The sun shines and it looks like the storm clouds float behind us—until they are directly overhead, blowing rain and wind.
It's cramped quarters—the tent now seems spacious–and cold, and Ophie sleeping in the middle means we're both sleeping at curved diagonals. Forget never having to say you're sorry, love means camping in the back of a truck with a 70-pound dog. We do still love each other in the morning.
It's sunny and slightly warmer in the morning, Sept. 7, so we hike the Swiftcurrent Nature Trail, an easy 2.6 mile loop around the lake that winds through 400-year-old spruce-fir forest and 60-year-old lodgepole pine, planted in the aftermath of a great fire in 1936 (where we see two deer in the first five minutes), and about 1.5 miles up the Swiftcurrent and Josephine Lakes hike (below) before turning around and heading back to the truck (and we finally see a grizzly, rooting around in the dirt, on the road out of Many Glacier).
We drive east, out Highway 464 through the Blackfeet Indian Reservation to Browning, stopping at the Museum of the Plains Indian that showcases historic art of native Americans of the Northern Plains.
It's dry and warmer east of the Rockies, but the endless plains make me feel trapped and anxious to return to the land of lakes and river and mountains to the west.
It's our last day camping in Glacier and we stay at Two Medicine campground where it's quiet and peaceful, finally enjoying a real campfire night. I cook food—angel hair pasta with olive oil and parmesan and a salad—while Patrick tosses a tennis ball to Ophie who runs off-leash once the rangers leave for the night. We eat dinner and drink Rainier beer (because an 18-pack is cheaper than a 6-pack of Mirror Pond and it lasts us all week), and play guitar and sing around the campfire. Ophie sleeps in the dirt near the fire pit. Stars shine brightly overhead. Every night should be like this.

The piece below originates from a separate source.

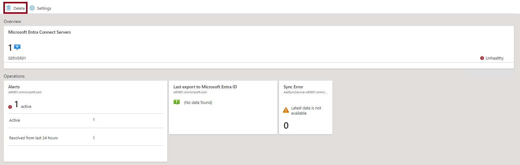 현재 삭제했던 온프레미스 AD와 계정이 된 상태이므로 우선 동기화연결을 삭제해줘야 해요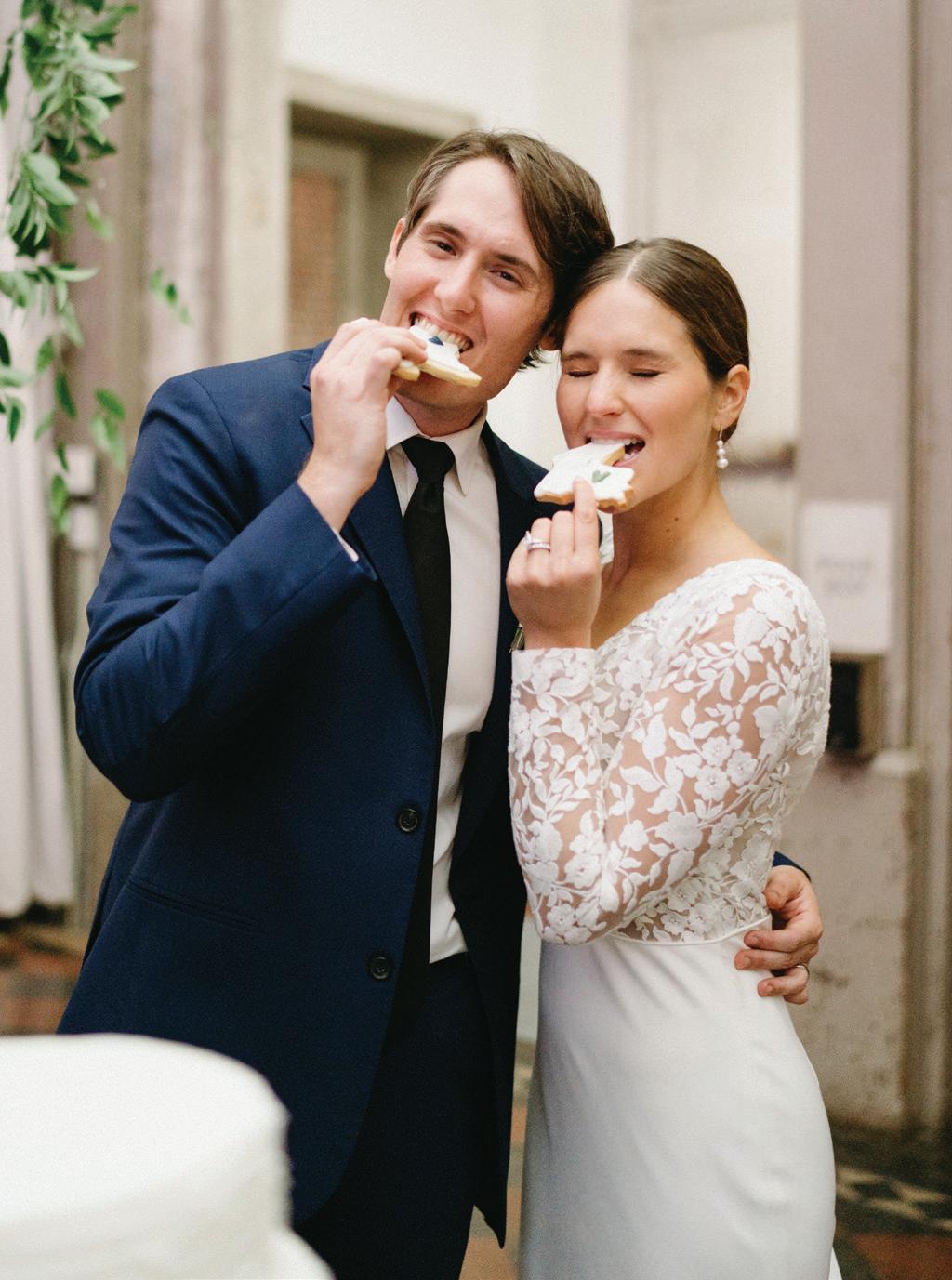 Claire and Stanton were intentional with each detail. Uninspired while trying to find a reading for the ceremony, Stanton wrote a poem that he felt suited the occasion. "I was the only one in the room who knew the words were written by Stanton. That was the only time I cried during the ceremony." Other special touches included Claire’s aunt officiating, carrying a handkerchief embroidered by Claire’s great-grandmother, having framed photos of each set of grandparents, and handmade programs.

On the way out of Glacier to Yellowstone, we stop by Running Eagle Falls, named after a Blackfeet woman who went on a spirit quest near the falls and received a vision and the power to be a great warrior, leading many successful war parties before being killed in battle, clubbed from behind and buried at upper Two Medicine Lake.
Originally named Trick Falls—in the spring the water rushes over the upper fall, completely hiding the lower fall while later, in the summer and fall, the flow decreases and the water seems to move only out of the lower fall—this site holds religious significance for local Blackfeet tribal members.
Goodbye, Glacier. We will miss you and think of you often.